**** The input ****
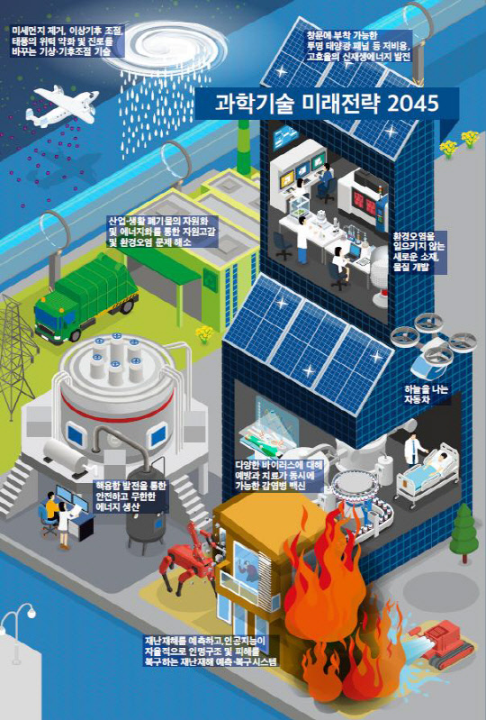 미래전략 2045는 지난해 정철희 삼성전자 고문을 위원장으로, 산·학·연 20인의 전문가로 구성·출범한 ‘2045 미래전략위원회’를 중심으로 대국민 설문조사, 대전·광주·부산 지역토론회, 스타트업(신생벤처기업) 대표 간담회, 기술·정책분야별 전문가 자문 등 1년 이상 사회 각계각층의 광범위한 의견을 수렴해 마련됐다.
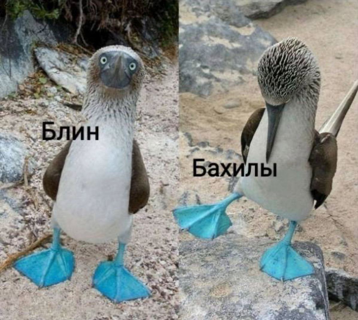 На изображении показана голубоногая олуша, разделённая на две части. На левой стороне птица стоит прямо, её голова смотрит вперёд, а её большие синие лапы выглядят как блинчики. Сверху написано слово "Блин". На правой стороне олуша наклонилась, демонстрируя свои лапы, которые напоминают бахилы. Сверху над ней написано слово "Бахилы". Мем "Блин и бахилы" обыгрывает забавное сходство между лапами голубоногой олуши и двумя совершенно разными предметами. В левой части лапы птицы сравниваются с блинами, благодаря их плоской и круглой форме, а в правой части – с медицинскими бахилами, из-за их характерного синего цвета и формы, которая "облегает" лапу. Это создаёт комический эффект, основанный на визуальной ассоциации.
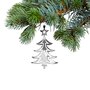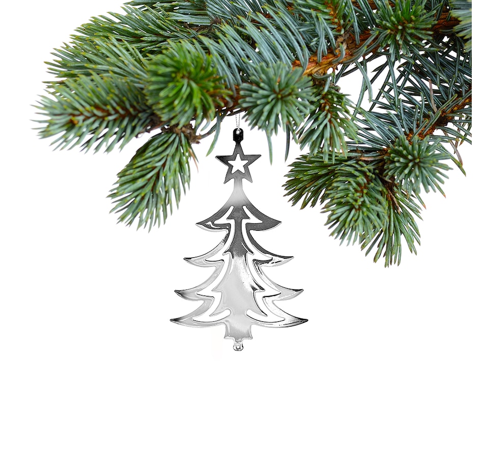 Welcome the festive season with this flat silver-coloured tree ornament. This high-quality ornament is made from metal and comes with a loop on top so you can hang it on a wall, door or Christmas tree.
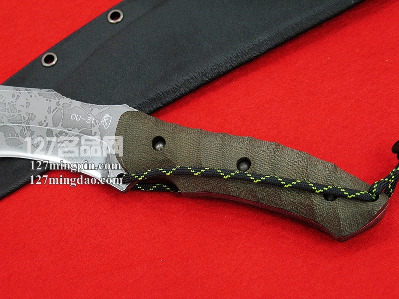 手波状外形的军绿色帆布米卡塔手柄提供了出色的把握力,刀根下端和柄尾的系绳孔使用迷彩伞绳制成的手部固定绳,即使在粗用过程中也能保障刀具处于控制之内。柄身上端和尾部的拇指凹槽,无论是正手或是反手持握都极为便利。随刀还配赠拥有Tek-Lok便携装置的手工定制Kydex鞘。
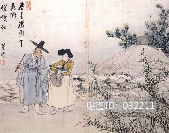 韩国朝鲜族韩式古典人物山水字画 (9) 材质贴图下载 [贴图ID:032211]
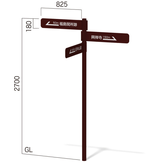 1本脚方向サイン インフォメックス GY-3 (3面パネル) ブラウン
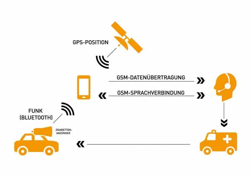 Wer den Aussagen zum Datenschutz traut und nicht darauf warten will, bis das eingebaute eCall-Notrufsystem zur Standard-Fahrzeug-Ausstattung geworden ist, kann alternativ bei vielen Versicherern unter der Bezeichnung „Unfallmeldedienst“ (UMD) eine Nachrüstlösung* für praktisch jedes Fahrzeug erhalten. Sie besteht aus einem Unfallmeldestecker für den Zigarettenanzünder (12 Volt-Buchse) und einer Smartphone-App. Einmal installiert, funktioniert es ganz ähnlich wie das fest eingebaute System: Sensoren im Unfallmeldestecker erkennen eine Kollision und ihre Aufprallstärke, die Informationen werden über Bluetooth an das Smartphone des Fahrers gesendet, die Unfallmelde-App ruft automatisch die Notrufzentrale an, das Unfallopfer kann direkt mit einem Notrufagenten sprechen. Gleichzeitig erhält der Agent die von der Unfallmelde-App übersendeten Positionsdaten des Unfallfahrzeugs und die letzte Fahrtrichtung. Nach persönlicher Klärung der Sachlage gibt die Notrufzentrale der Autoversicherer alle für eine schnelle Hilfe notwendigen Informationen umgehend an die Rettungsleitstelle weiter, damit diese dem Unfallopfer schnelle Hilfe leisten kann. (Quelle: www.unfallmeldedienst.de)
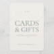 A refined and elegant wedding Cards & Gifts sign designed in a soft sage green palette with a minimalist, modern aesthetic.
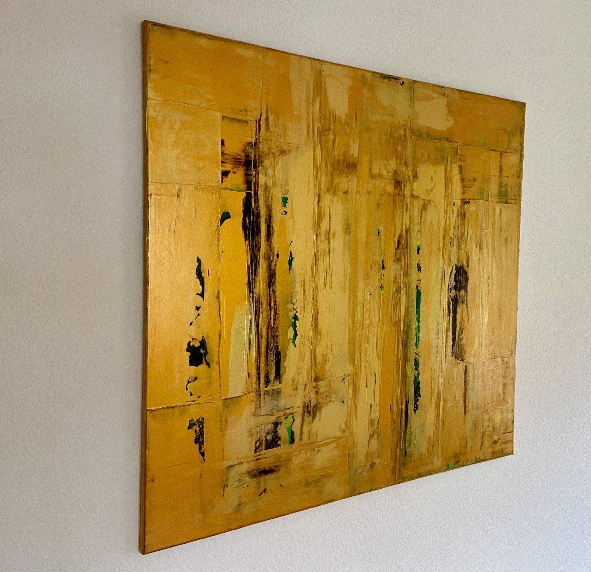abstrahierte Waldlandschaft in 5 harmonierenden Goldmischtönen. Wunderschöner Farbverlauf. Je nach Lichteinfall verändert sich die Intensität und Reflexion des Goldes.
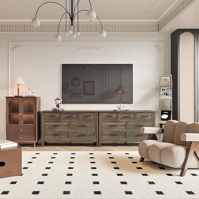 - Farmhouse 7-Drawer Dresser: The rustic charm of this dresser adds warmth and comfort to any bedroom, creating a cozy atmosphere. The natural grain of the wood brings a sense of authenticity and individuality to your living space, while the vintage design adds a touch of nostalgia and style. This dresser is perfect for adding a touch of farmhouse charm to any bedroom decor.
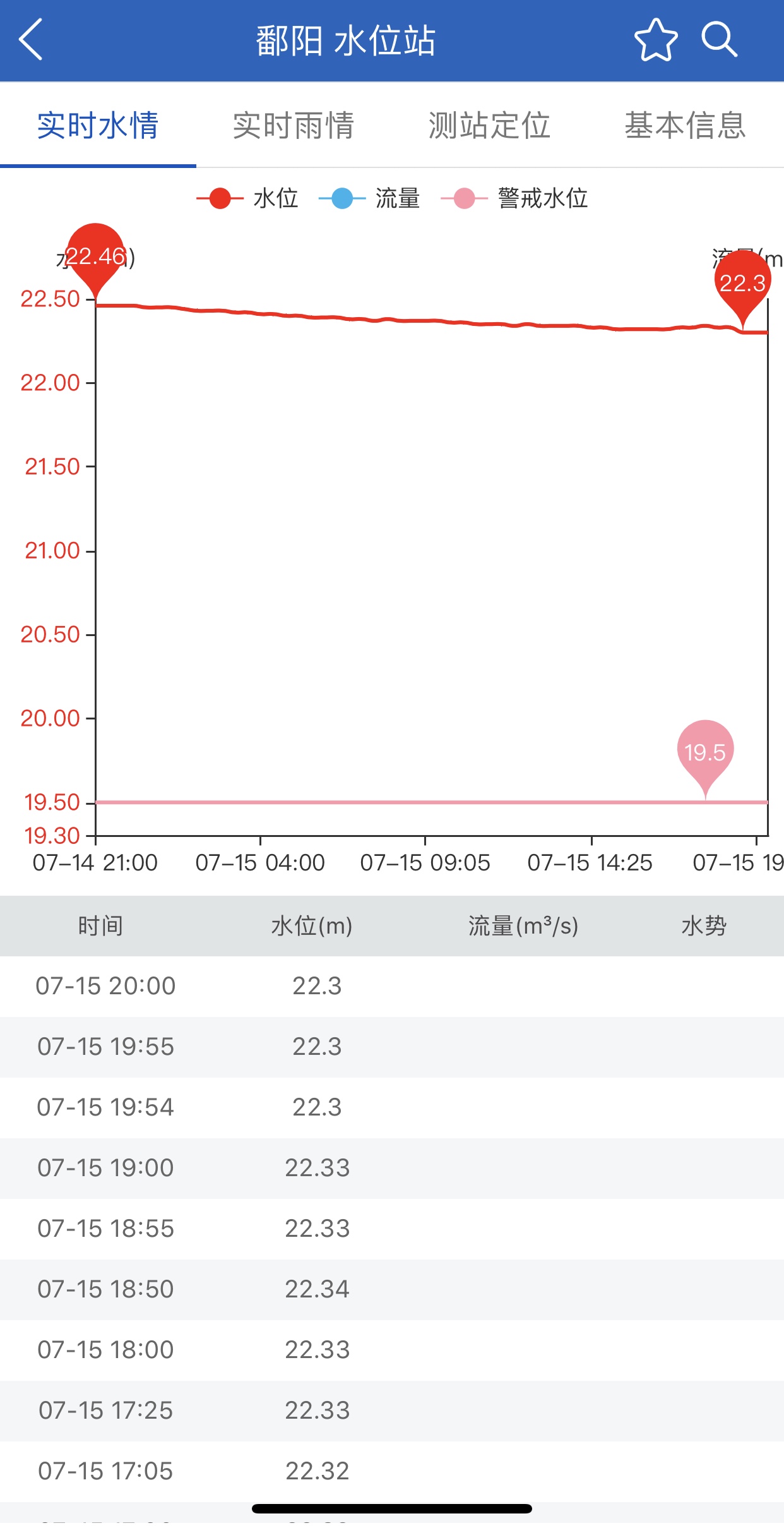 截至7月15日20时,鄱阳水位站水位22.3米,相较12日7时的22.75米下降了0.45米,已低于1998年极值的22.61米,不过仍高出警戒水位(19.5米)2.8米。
****
--- Instructions for the task ---
Line for line, restate the data above and omit every picture.

--- Written response ---
 미래전략 2045는 지난해 정철희 삼성전자 고문을 위원장으로, 산·학·연 20인의 전문가로 구성·출범한 ‘2045 미래전략위원회’를 중심으로 대국민 설문조사, 대전·광주·부산 지역토론회, 스타트업(신생벤처기업) 대표 간담회, 기술·정책분야별 전문가 자문 등 1년 이상 사회 각계각층의 광범위한 의견을 수렴해 마련됐다.
 На изображении показана голубоногая олуша, разделённая на две части. На левой стороне птица стоит прямо, её голова смотрит вперёд, а её большие синие лапы выглядят как блинчики. Сверху написано слово "Блин". На правой стороне олуша наклонилась, демонстрируя свои лапы, которые напоминают бахилы. Сверху над ней написано слово "Бахилы". Мем "Блин и бахилы" обыгрывает забавное сходство между лапами голубоногой олуши и двумя совершенно разными предметами. В левой части лапы птицы сравниваются с блинами, благодаря их плоской и круглой форме, а в правой части – с медицинскими бахилами, из-за их характерного синего цвета и формы, которая "облегает" лапу. Это создаёт комический эффект, основанный на визуальной ассоциации.
 Welcome the festive season with this flat silver-coloured tree ornament. This high-quality ornament is made from metal and comes with a loop on top so you can hang it on a wall, door or Christmas tree.
 手波状外形的军绿色帆布米卡塔手柄提供了出色的把握力,刀根下端和柄尾的系绳孔使用迷彩伞绳制成的手部固定绳,即使在粗用过程中也能保障刀具处于控制之内。柄身上端和尾部的拇指凹槽,无论是正手或是反手持握都极为便利。随刀还配赠拥有Tek-Lok便携装置的手工定制Kydex鞘。
 韩国朝鲜族韩式古典人物山水字画 (9) 材质贴图下载 [贴图ID:032211]
 1本脚方向サイン インフォメックス GY-3 (3面パネル) ブラウン
 Wer den Aussagen zum Datenschutz traut und nicht darauf warten will, bis das eingebaute eCall-Notrufsystem zur Standard-Fahrzeug-Ausstattung geworden ist, kann alternativ bei vielen Versicherern unter der Bezeichnung „Unfallmeldedienst“ (UMD) eine Nachrüstlösung* für praktisch jedes Fahrzeug erhalten. Sie besteht aus einem Unfallmeldestecker für den Zigarettenanzünder (12 Volt-Buchse) und einer Smartphone-App. Einmal installiert, funktioniert es ganz ähnlich wie das fest eingebaute System: Sensoren im Unfallmeldestecker erkennen eine Kollision und ihre Aufprallstärke, die Informationen werden über Bluetooth an das Smartphone des Fahrers gesendet, die Unfallmelde-App ruft automatisch die Notrufzentrale an, das Unfallopfer kann direkt mit einem Notrufagenten sprechen. Gleichzeitig erhält der Agent die von der Unfallmelde-App übersendeten Positionsdaten des Unfallfahrzeugs und die letzte Fahrtrichtung. Nach persönlicher Klärung der Sachlage gibt die Notrufzentrale der Autoversicherer alle für eine schnelle Hilfe notwendigen Informationen umgehend an die Rettungsleitstelle weiter, damit diese dem Unfallopfer schnelle Hilfe leisten kann. (Quelle: www.unfallmeldedienst.de)
 A refined and elegant wedding Cards & Gifts sign designed in a soft sage green palette with a minimalist, modern aesthetic.
abstrahierte Waldlandschaft in 5 harmonierenden Goldmischtönen. Wunderschöner Farbverlauf. Je nach Lichteinfall verändert sich die Intensität und Reflexion des Goldes.
 - Farmhouse 7-Drawer Dresser: The rustic charm of this dresser adds warmth and comfort to any bedroom, creating a cozy atmosphere. The natural grain of the wood brings a sense of authenticity and individuality to your living space, while the vintage design adds a touch of nostalgia and style. This dresser is perfect for adding a touch of farmhouse charm to any bedroom decor.
 截至7月15日20时,鄱阳水位站水位22.3米,相较12日7时的22.75米下降了0.45米,已低于1998年极值的22.61米,不过仍高出警戒水位(19.5米)2.8米。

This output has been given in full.